Solid medium: Stock cultures of the marine-derived fungi were stored on solid culture medium composed of artificial seawater, agar (20 gL-1), malt extract (30 gL-1) and soy peptone (3 gL-1). The pH was adjusted to 7 with 0.7 M NaOH solution, to avoid spontaneous hydrolysis of esfenvalerate. Artificial seawatercomposition was (1 L): CaCl2.2H2O (1.36 g), MgCl2.6H2O (9.68 g), KCl (0.61 g), NaCl (30.0 g), Na2HPO4 (0.014 mg), Na2SO4 (3.47 g), NaHCO3 (0.17 g), KBr (0.1 g), SrCl2.6H2O (0.040 g) and H3BO3 (0.030 g).

The culture medium was sterilized in an autoclave (AV-50, Phoenix, Brazil) at 121°C for 20 minutes and manipulations involving marine fungi were carried out in a laminar flow cabinet (FUV-18, Veco, Brazil). Since the microorganisms used in this study were isolated on various culture media, 3% malt was used as a nutrient source because it is a rich and appropriate medium for marine microorganisms [17,18].

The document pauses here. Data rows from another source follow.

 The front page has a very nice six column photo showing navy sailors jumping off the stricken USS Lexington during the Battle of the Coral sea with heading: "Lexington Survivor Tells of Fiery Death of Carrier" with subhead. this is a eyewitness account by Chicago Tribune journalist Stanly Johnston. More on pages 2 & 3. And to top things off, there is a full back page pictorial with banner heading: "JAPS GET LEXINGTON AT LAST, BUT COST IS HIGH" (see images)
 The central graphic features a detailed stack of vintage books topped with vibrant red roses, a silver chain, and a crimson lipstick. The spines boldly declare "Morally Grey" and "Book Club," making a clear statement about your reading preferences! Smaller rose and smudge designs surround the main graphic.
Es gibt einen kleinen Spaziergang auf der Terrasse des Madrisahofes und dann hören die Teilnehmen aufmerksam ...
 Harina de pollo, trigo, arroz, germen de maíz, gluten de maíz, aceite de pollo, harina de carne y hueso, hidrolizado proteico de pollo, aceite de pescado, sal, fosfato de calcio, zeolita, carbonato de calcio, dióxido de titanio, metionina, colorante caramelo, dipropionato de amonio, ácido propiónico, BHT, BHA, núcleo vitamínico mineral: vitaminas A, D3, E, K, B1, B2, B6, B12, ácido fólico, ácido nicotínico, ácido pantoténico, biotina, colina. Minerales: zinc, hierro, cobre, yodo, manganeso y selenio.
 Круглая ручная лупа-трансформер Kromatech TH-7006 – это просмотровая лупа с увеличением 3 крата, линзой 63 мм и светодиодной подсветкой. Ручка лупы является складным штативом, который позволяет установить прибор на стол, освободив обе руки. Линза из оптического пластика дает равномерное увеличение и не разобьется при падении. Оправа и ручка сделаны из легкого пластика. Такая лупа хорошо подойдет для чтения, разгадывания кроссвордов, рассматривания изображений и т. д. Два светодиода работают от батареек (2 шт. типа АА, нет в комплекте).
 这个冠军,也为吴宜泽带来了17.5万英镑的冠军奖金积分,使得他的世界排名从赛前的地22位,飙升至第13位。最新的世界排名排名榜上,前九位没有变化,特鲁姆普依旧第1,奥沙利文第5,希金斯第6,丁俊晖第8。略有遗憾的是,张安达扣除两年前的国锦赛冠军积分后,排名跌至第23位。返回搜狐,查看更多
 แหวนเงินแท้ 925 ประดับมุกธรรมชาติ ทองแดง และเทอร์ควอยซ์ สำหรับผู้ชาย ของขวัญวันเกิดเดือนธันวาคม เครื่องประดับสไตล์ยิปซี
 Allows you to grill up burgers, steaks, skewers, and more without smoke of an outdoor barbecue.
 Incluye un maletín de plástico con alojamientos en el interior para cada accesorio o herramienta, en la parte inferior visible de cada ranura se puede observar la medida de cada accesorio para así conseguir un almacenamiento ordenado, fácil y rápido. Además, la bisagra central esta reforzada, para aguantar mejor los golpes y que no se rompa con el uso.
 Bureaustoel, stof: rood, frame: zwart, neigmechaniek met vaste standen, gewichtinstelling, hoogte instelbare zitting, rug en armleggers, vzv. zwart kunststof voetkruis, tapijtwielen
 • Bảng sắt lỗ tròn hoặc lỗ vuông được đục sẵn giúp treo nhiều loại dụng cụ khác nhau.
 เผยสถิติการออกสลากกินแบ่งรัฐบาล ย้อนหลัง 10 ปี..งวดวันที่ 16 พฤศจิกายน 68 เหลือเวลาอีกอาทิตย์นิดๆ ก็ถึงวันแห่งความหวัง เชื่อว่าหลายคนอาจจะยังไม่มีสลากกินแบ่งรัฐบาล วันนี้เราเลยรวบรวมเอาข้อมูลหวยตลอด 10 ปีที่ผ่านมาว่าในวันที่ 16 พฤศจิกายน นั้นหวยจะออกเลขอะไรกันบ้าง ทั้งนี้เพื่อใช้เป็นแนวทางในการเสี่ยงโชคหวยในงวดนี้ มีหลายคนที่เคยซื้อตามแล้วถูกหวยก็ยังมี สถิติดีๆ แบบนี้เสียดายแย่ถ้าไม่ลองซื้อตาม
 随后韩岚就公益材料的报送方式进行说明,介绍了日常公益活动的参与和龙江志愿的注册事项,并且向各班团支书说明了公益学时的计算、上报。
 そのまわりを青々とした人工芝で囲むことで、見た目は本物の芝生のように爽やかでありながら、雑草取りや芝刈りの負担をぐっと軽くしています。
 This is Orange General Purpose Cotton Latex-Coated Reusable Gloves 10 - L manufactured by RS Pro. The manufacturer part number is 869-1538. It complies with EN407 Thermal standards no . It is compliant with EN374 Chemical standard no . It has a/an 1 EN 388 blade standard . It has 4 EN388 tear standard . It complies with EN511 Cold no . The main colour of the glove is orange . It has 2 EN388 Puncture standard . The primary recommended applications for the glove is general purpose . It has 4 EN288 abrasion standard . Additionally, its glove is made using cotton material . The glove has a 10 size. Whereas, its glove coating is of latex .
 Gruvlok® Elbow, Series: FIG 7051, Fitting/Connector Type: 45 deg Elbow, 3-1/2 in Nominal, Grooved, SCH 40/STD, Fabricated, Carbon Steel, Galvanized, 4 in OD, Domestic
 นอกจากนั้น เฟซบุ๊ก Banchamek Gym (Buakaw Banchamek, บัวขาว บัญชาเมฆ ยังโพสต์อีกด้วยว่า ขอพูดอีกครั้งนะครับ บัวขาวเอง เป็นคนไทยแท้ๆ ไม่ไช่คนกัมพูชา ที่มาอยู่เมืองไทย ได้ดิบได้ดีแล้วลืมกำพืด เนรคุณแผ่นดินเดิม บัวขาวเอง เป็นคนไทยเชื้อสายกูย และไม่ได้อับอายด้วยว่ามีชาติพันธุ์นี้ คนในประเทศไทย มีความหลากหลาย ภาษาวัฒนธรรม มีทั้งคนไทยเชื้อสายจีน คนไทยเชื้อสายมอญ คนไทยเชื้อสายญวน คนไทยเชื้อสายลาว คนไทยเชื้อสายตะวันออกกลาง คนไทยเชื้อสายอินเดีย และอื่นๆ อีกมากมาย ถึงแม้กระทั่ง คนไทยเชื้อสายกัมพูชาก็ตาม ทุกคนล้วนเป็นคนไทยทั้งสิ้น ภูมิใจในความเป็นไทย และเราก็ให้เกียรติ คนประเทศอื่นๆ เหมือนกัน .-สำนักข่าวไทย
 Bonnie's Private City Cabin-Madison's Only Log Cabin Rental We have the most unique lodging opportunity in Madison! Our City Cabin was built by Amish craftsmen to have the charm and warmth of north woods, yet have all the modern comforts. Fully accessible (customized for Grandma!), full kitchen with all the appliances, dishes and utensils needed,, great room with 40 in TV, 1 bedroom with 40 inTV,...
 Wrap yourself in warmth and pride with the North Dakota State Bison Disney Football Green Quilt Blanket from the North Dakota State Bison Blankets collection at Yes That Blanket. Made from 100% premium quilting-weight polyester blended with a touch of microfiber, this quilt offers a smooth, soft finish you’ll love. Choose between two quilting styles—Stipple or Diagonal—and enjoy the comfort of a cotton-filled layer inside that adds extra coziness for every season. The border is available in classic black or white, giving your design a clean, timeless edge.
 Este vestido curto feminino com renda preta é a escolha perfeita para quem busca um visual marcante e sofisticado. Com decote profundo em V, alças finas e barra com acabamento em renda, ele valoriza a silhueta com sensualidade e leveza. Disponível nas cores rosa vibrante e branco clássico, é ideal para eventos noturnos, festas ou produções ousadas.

Growth of marine fungi on solid medium

Radial growth experiments were performed to assess the development inhibition caused by the presence of xenobiotic compounds. Thus, solid culture media were prepared with esfenvalerate technical grade (EsfTec), esfenvalerate commercial insecticide (EsfCom), xylene, 3-phenoxybenzaldehyde (PBAld), 3-phenoxybenzoic acid (PBAc), 3-phenoxybenzyl alcohol (PBAlc) and 2-(4-chlorophenyl)-3-methylbutyric acid (ClAc).

It is noteworthy that, except for the commercial insecticide, all the xenobiotic compounds were predissolved in 100 μL of DMSO per plate to enhance the dissipation of xenobiotic in the culture medium. Xenobiotic was added to the culture medium when the temperature had fallen to 40-50°C to prevent thermal degradation of the added compound. The agar plates were inoculated at a central insertion point and the colony diameters were measured after 7, 14, 21 and 28 days of cultivation in an incubator at 32°C (B.O.D. 411D, Nova Ética) (Figure 3). Each experiment was carried out in triplicate.

microbial-biochemical-technology-experiments

Figure 3: Experiments of colony radial growth.

The experiments were performed on the following media:

A. 3% Malt: Culture medium (25 mL), without the addition of xenobiotic compounds.

B. 3% Malt+EsfCom (100 mg.L-1): Culture medium (25 mL) with volume of EsfCom (SUMIDAN 150 SC) providing 100 mgL-1 active ingredient.

C. 3% Malt+DMSO (100 μL): Culture medium (25 mL) with 100 μL of DMSO.

D. 3% Malt+Xylene (107 mg.L-1, which is the concentration of xylene when 100 mg.L-1 active ingredient of EsfCom is added): Culture medium (25 mL) with 3 μL of xylene previously dissolved in 100 μL of DMSO.

E. 3% Malt+EsfTec (100 mg.L-1): Culture medium (25 mL) with 2.5 mg of EsfTec dissolved in 100 μL of DMSO before addition.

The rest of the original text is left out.